# Research methods

** Data Treatment **

**Part A : Workshop**

The aim of this workshop is to give you some experience using standard statistical treatments of data using statistical software. The package we will use for this workshop is **Minitab**. It is the package used as the standard statistical software by the Mathematics and Statistics courses at RMIT and Chemistry also has a site licence for it. Most of the analyses in this workshop can be done using Excel but Excel is not very user-friendly for statistical analyses. The analyses in Minitab can be done from simple pull-down menus and there is a good on-line help facility. You can copy-and-paste data from Excel into Minitab. For the assessment you should enter your results into the attached pro forma.

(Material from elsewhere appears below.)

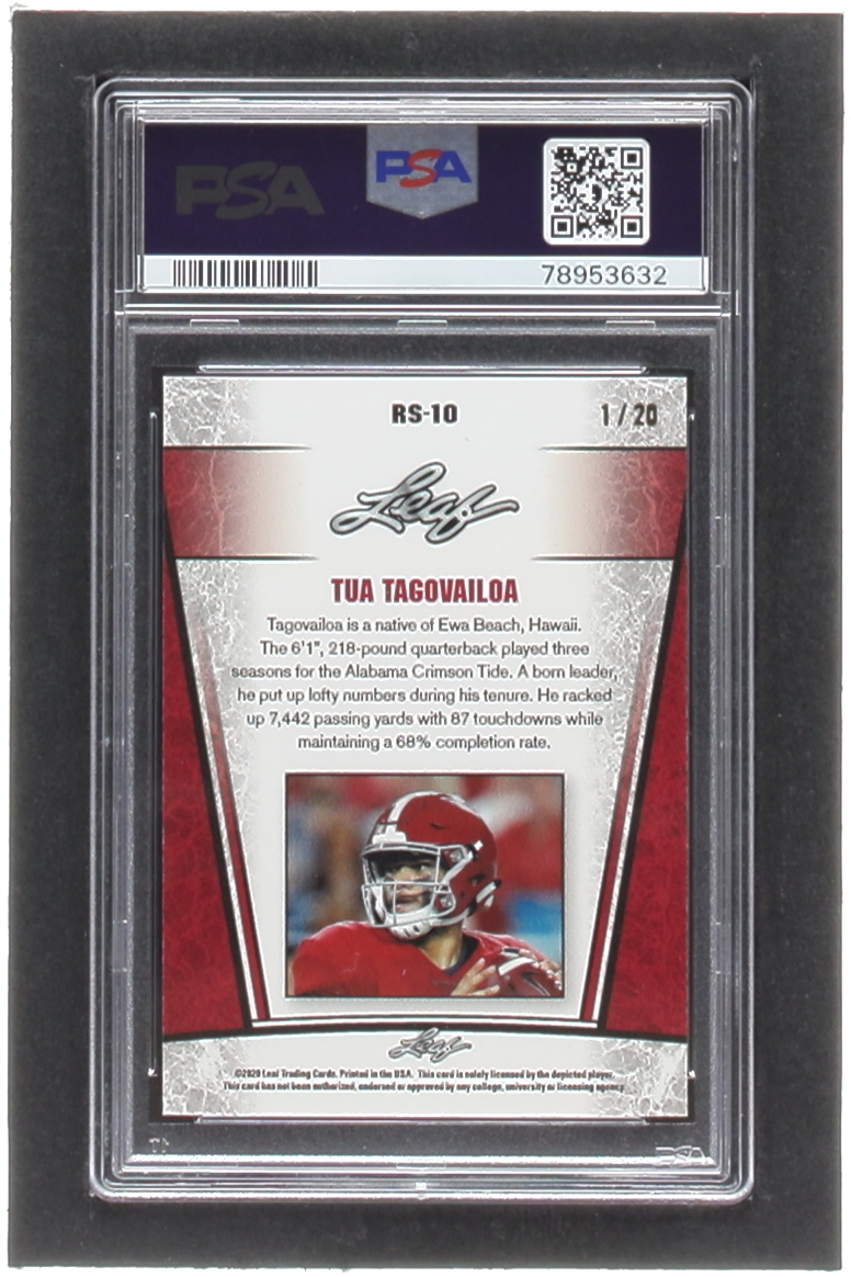 Tua Tagovailoa 2020 Leaf Metal Special Release Rookie Silver Rainbow Blue #SR2010 RC #1/20 (PSA 10)

Before you attempt the case studies in this assignment you should try the worked examples in modules 1-4

## Case Study 1

Analyst A | Analyst B |

6.42 | 6.40 |

6.41 | 6.54 |

6.43 | 6.52 |

6.38 | 6.58 |

The above results were obtained by two analysts using a new method for determination of Nickel in a standard reference alloy containing a certified value of 6.49% Ni

For this data we want to determine the standard statistics:- (i) mean (ii) variance (iii) standard deviation and (iv) confidence intervals for the mean. This data enables us to answer the following questions:-

- Which analysis is the most
**accurate**? (i.e. closest to the certified value) - Which analysis is the most
**precise**? (i.e. which has the smallest spread, or variability, of values

As well we can use the t-test to answer the following:-

- Is there any evidence, with either analyst, of a systematic error? I.e. does either average differ significantly from the certified value?
- Do the results of each analyst differ significantly?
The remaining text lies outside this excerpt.